During the 17th Century, the Lanier family buried a Whitlock woman alive as a witch to take over the Whitlock estate. Despite a bitter hatred, two descendants of the warring Lanier and Whitlock families Amy (Diane Clare) and Todd (David Weston), decide to marry. But when Bill Lanier (Jack Hedley) begins to renovate the old Whitlock Estate, a bulldozer overturns headstones and churns up graves in the old Whitlock Cemetery. Rising from an open grave, the buried witch Vanessa Whitlock (Yvette Rees) searches out Morgan Whitlock (Lon Chaney Jr.) to uses witchcraft to murder the despised Laniers - one by one….
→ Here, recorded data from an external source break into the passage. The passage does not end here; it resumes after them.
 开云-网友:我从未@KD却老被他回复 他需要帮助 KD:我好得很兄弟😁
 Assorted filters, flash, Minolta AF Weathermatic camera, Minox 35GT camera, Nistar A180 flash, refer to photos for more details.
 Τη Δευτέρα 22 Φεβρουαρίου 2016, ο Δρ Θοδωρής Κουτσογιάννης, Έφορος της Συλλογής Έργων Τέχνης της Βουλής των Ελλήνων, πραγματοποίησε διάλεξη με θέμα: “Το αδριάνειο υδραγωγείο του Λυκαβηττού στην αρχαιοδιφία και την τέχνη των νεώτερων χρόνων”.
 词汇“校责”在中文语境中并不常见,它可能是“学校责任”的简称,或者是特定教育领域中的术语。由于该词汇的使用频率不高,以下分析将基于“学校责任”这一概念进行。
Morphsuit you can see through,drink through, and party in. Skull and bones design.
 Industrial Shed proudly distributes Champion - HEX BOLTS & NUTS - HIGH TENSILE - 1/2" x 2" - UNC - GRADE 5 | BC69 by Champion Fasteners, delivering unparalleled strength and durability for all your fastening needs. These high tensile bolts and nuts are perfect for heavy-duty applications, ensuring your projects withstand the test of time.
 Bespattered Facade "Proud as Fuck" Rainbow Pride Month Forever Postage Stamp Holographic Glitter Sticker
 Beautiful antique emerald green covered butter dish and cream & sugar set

This is a solid horror film directed by Don Sharp, who directed some of Hammer’s less spectacular projects in the mid-sixties. It is probably best known now because of the involvement of top-billed Lon Chaney as the monumental Morgan Whitlock, who delivers a big performance for his big character. Often one-note furious, Chaney casts a large shadow over his more mannered co-stars – it is unusual to see him surrounded by British faces (including ‘Plague of the Zombies’s Diane Clare), in the same way that seeing Boris Karloff onscreen with Christopher Lee in ‘Curse of the Crimson Altar (1968)’ is a slightly surreal experience. Horror stars from different eras meeting has a charm all its own, and Chaney’s presence in picturesque, misty country scenes are pleasingly odd.
At this stage in his career, Chaney had a reputation for causing problems due to his excessive drinking. Apparently Sharp was very sympathetic to this and coaxed the best performance as he could from the veteran actor. Apart from addressing the character of Todd as (his girlfriend) Amy, Chaney is very good in a larger-than-life way.
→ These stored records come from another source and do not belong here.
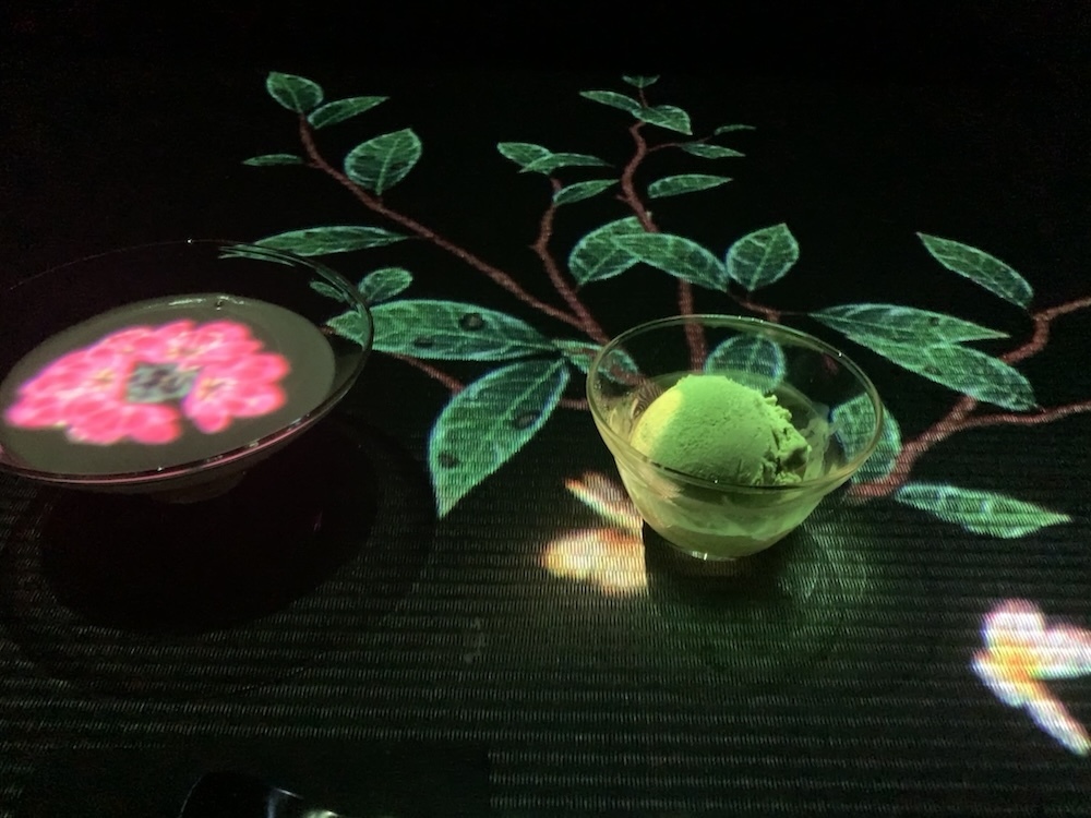 暗い茶屋内で、丁寧にサーブされるお茶と甘味。それだけでも疲れた体に染み渡るのに、ここではアート作品が宿ったお茶(甘味)をいただく、という特別な体験ができる。お茶には季節ごとに違う花が咲き、緑茶のジェラートからは茶の木が生え、蝶が遊びにやってくる。ちなみにこれは声を大にしてお伝えしたいポイントだが、両方ともとても美味しかった。きっと『EN TEA HOUSE』は大人気の一角になるに違いない。
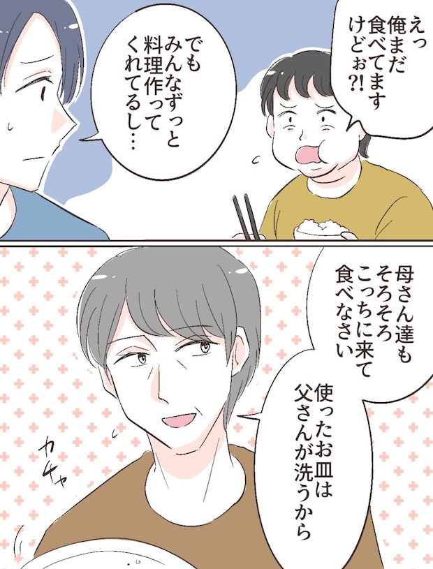 「えっ、俺まだ食べてますけどぉ!?」不満そうに言うフトシ。「でも、みんなずっと料理作ってくれてるし・・」と言われているのが気になって仕方がありません。すると、「母さん達もそろそろこっちに来て食べなさい。使ったお皿は父さんが洗うから」とさわやかに登場したのはお父さんでした。
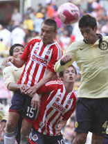 Las posibilidades de las Águilas para entrar a la liguilla se esfumaron ayer en el Azteca. Las anotaciones de las Chivas fueron de Antonio Gallardo, Marco Fabián y Erick Torres, en tanto Christian Benítez marcó por los de Coapa Foto Notimex
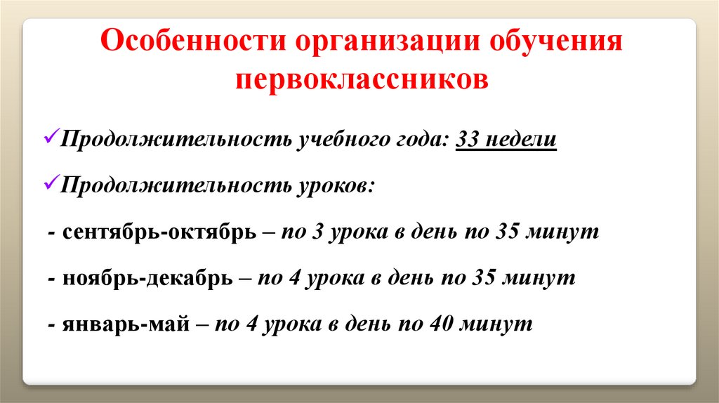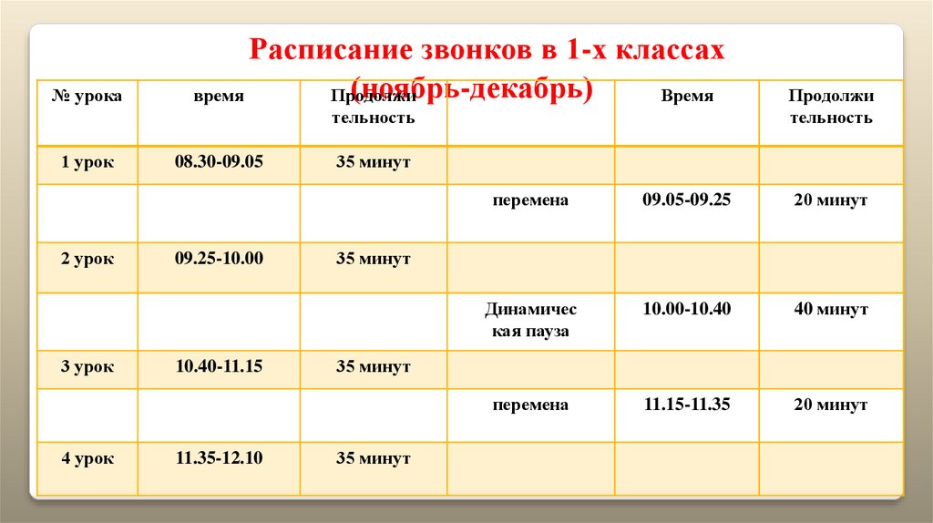 - ноябрь-декабрь – по 4 урока в день по 35 минут

My other favourite performance would have to be that of Vanessa Whitlock (Yvette Rees), the resurrected witch. She is creepily effective in all her scenes, particularly her first, when her appearance is slowly revealed as she is unearthed. Up until that point, this is quite a straight-laced film (in which Chaney’s performance stands out as being unrestrained) seemingly un-influenced by the blood-spattered horror revolution caused by Hammer in the late 1950’s. As events continue, however, things become progressively more manic folding with a spectacular finale.